В таких количествах лекарствами его еще не пичкали. Температура спала, кожа обтянула кости; он чувствовал себя, как мумия в гробнице. Но зато в назначенное время, на своих двоих, он пересек священную границу, сел в самолет, и сразу провалился в сон. Каким-то запасным сознанием он понимал, что в иллюминатор жестко светит ледяное солнце; слышал, как сосед в полосатом костюме, читавший на взлете длинный черно-желтый мусульманский календарь, резко всхрапывает и просыпается, чтобы снова уснуть, и всхрапнуть, и проснуться, а тетенька опасного, избыточного возраста продолжает тормошить напившегося мужа: муж! а муж! да очнись ты! скажи, что меня любишь.
Едва оправившись, Саларьев стал обзванивать друзей, ушедших в бизнес. Реакция была примерно одинаковой. На что — на что дать денег? на музей? искусственный, в компьютере? Полмиллиона? Паш, ты с глузду съехал! какие музеи в настоящий момент времени? тем более в компьютере. Купи себе лучше джип, трехлетку, дизель. Хочешь перегонщика дам, из надежных?
Но год от года дешевела техника; можно было обойтись без посторонней помощи. Он разработал первую свою программу, волне еще топорную, смешную. Пошел к ребятам, делавшим компьютерные игры: побей, но выучи. Лохматые ребята, сидевшие в прокуренном полуподвале на Литейном, научили. Он часами наблюдал и восхищенно слушал жреческое бормотание:
— Так-так-так, и будет нам великое счастье… здесь нужна бомба… где тут у нас война? а, вот у нас война, как же вдруг мы — и без бомбы… Поехали, ее сейчас нормолазом сделают.
А потом появились заказы. Скромные, на пробу. Серьезные, с размахом. И даже грандиозные, как этот.
Юлий
Они сидели в модном ресторане на крыше зингеровского особняка. Ресторан был высвечен рассудочно; на застекленный купол налипал сероватый ноябрь; было в этом что-то скандинавское, далекое.

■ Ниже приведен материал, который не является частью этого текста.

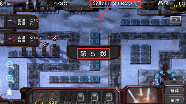4、击败敌方后会积累【分数:31820】,到第5拨时敌方强度提升,需升级现有炮塔,增强输出应对高血量单位。

Невский двигался с одышкой, вязко, Публичка и Александринка оплывали в дымке. Павел полюбил и город, и его упрямых граждан, аристократически ленивых, с пролетарским апломбом, умных, нервных, быстро каменеющих от гнева, легко приходящих на помощь, умеющих терпеть свою судьбу и слегка презирающих этих равнодушных москвичей, которые вместо нормальных хлеба и булки едят свой черный хлеб и белый хлеб. Но ленинградский климат ненавидел. Люто. Как всякий южанин, с детства прогретый насквозь. Хуже всего в ноябре; по утрам невозможно проснуться, вечером — уснуть; кровь становится клейкой и густой, от бесконечных мокрых перепадов ветра закорачивает мысли, кажется, они перегорели и пахнут окалиной.
Павел сжал себя в кулак, сосредоточился. А Юлик ничего не замечал. Он был упитанный, в очках, со слоновьими уютными ушами; похож на мелкопоместного помещика, приехавшего в город принимать права наследства. Отстегнул сапфировые запонки, с черными брильянтами, утопленными в платину, положил в атласный футлярчик. Рукава сорочки закатал, розоватый галстук распустил, вечерний пиджак вольготно повесил на спинку. И не уставая похохатывал.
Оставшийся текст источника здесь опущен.